Now, wanna see your Agent in action ? Run this cell below to watch your Agent play 5 games of CartPole.

> DISCLAIMER! Gym is very wanky with Jupyter, do not interrupt this cell and wait for it to finish by itself or the render window might never close.

In [None]:
new_env = gym.make('CartPole-v0')
for i in range(5):
    score = 0
    done = False
    observation = new_env.reset()
    while not done:
        action = agent.choose_action(observation)
        observation_, reward, done, info = new_env.step(action)
        score += reward
        observation = observation_
        new_env.render()
    print('Game', i, 'Score:', score)
new_env.close()

# Conclusion

Seeing your first Deep-Q-learning algorithm in action is pretty cool isn't it ? 

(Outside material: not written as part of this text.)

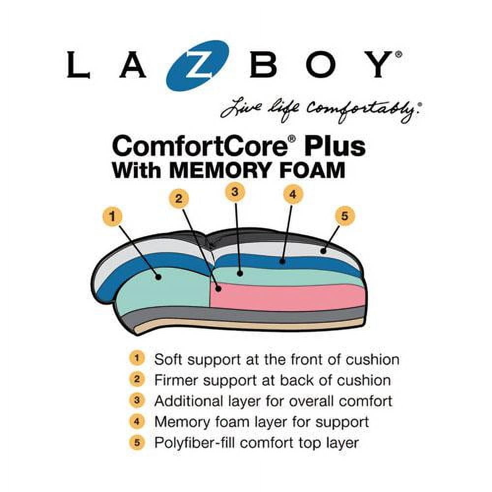 Premium La-Z-Boy® patented ComfortCore® Plus memory foam seat construction. Upholstered in commercial grade bonded leather. Wood arms and base finished with PU coating for added durability. Cable actuated seat plate for seat height adjustment and tilt function. Supports up to 300 lbs.

Let's resume what we learned in this subject:
* Q-Learning is fine, but not enough when increasing complexity.
* Artificial neural networks being good at approximating functions, they are the perfect match when it comes to replacing the Q-Table by something more viable.
* The Bellman Equation makes the learning possible by allowing us to shift the Q-Value of a state-action pair toward the Q-Value of the next state-action.
* Reinforcement Learning is cool.

Congrats on concluding this subject! I hope that you enjoyed it and learned a lot of stuff.\
For those tough boys(and girls) that want EVEN MORE Reinforcement Learning action, the last subject of today will give you carte blanche to try and solve an harder environment.